■ WORK ITEM:
Write out exactly, excluding pictures, the lines from the one containing "Styrkestian är öppen" through the end of the data, both included.
[DATA FOR THIS TASK Boundary: Start]
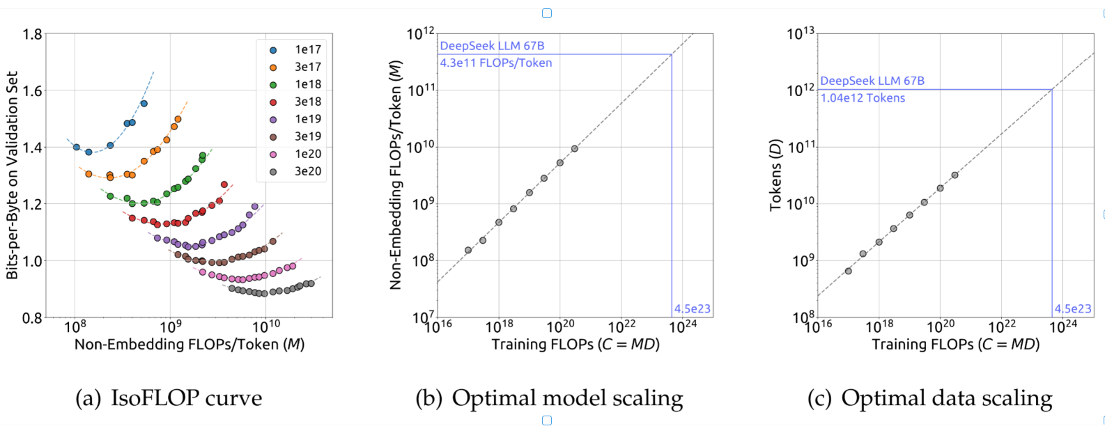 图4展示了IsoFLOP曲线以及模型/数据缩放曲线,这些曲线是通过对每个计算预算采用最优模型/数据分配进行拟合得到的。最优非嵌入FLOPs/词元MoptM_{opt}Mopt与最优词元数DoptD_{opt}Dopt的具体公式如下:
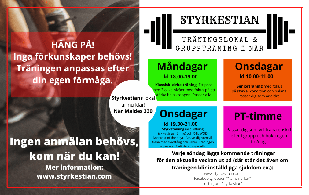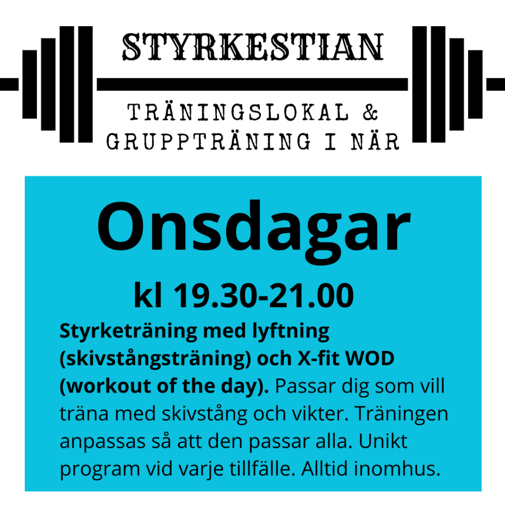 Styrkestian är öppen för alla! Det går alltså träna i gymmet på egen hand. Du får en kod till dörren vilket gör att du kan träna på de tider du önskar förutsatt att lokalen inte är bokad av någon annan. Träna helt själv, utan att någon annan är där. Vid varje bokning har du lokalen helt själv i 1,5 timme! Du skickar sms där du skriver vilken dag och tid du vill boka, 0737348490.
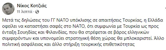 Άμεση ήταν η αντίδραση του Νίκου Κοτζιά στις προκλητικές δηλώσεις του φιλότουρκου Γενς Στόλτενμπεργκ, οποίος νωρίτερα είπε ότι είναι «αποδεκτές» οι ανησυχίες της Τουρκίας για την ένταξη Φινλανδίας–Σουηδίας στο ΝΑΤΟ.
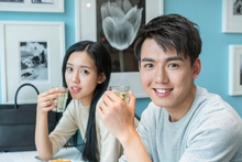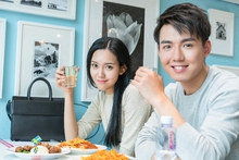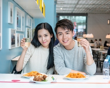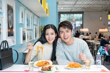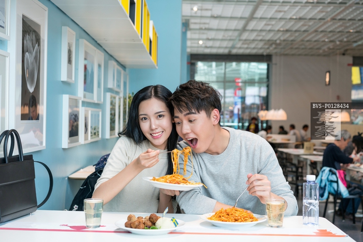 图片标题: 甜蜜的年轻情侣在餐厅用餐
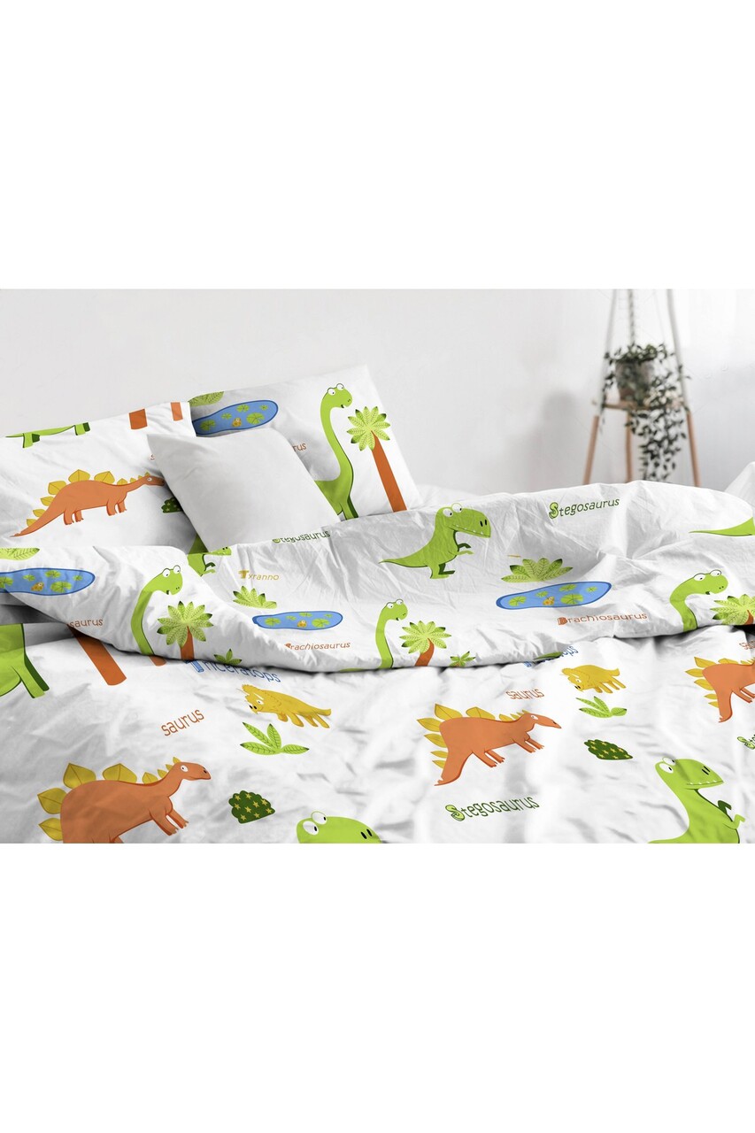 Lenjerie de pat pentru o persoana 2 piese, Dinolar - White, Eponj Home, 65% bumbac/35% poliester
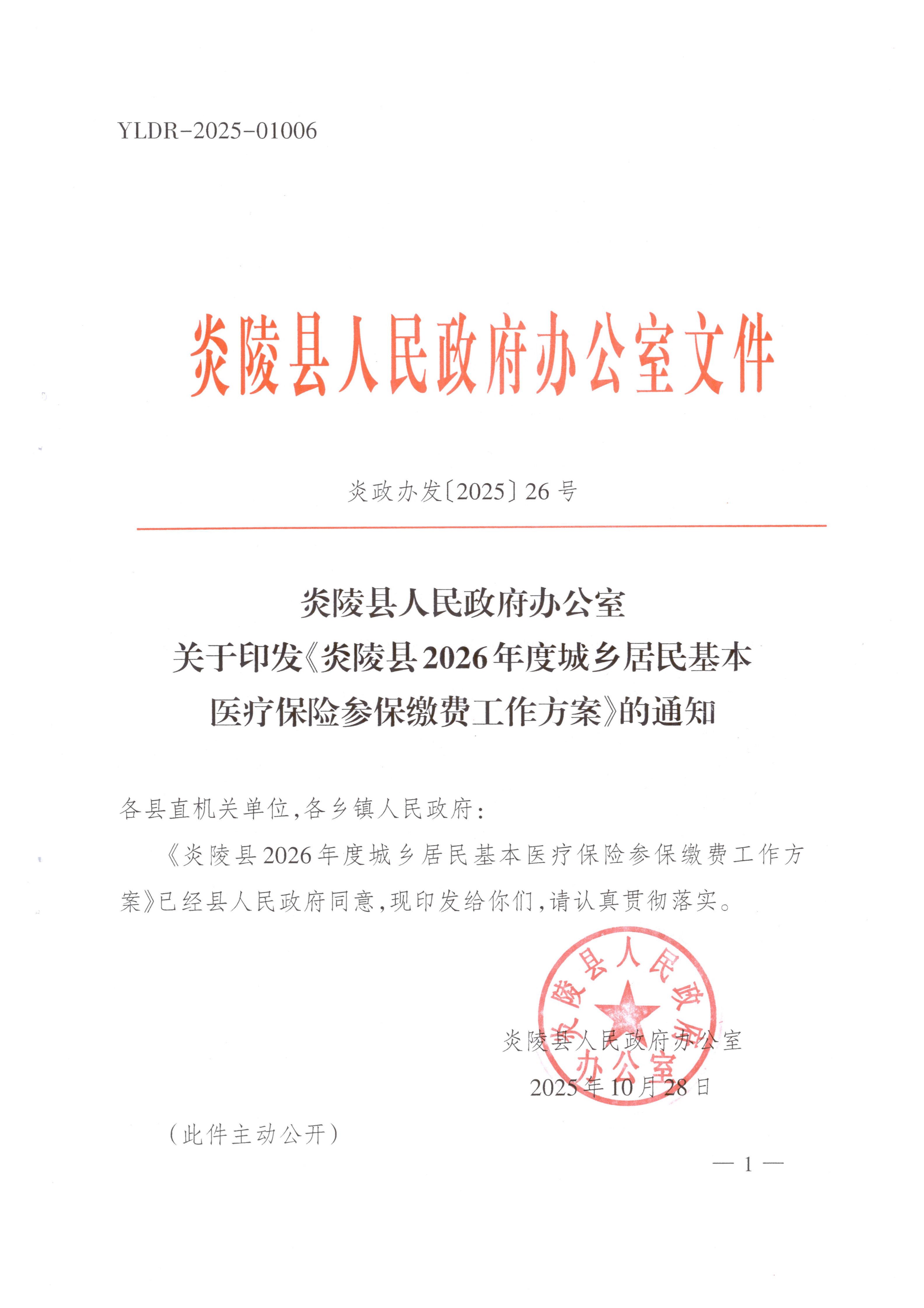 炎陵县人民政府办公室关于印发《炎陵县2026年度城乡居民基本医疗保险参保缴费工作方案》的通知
[DATA FOR THIS TASK Boundary: End]
■ EXERCISE RESULT:
 Styrkestian är öppen för alla! Det går alltså träna i gymmet på egen hand. Du får en kod till dörren vilket gör att du kan träna på de tider du önskar förutsatt att lokalen inte är bokad av någon annan. Träna helt själv, utan att någon annan är där. Vid varje bokning har du lokalen helt själv i 1,5 timme! Du skickar sms där du skriver vilken dag och tid du vill boka, 0737348490.
 Άμεση ήταν η αντίδραση του Νίκου Κοτζιά στις προκλητικές δηλώσεις του φιλότουρκου Γενς Στόλτενμπεργκ, οποίος νωρίτερα είπε ότι είναι «αποδεκτές» οι ανησυχίες της Τουρκίας για την ένταξη Φινλανδίας–Σουηδίας στο ΝΑΤΟ.
 图片标题: 甜蜜的年轻情侣在餐厅用餐
 Lenjerie de pat pentru o persoana 2 piese, Dinolar - White, Eponj Home, 65% bumbac/35% poliester
 炎陵县人民政府办公室关于印发《炎陵县2026年度城乡居民基本医疗保险参保缴费工作方案》的通知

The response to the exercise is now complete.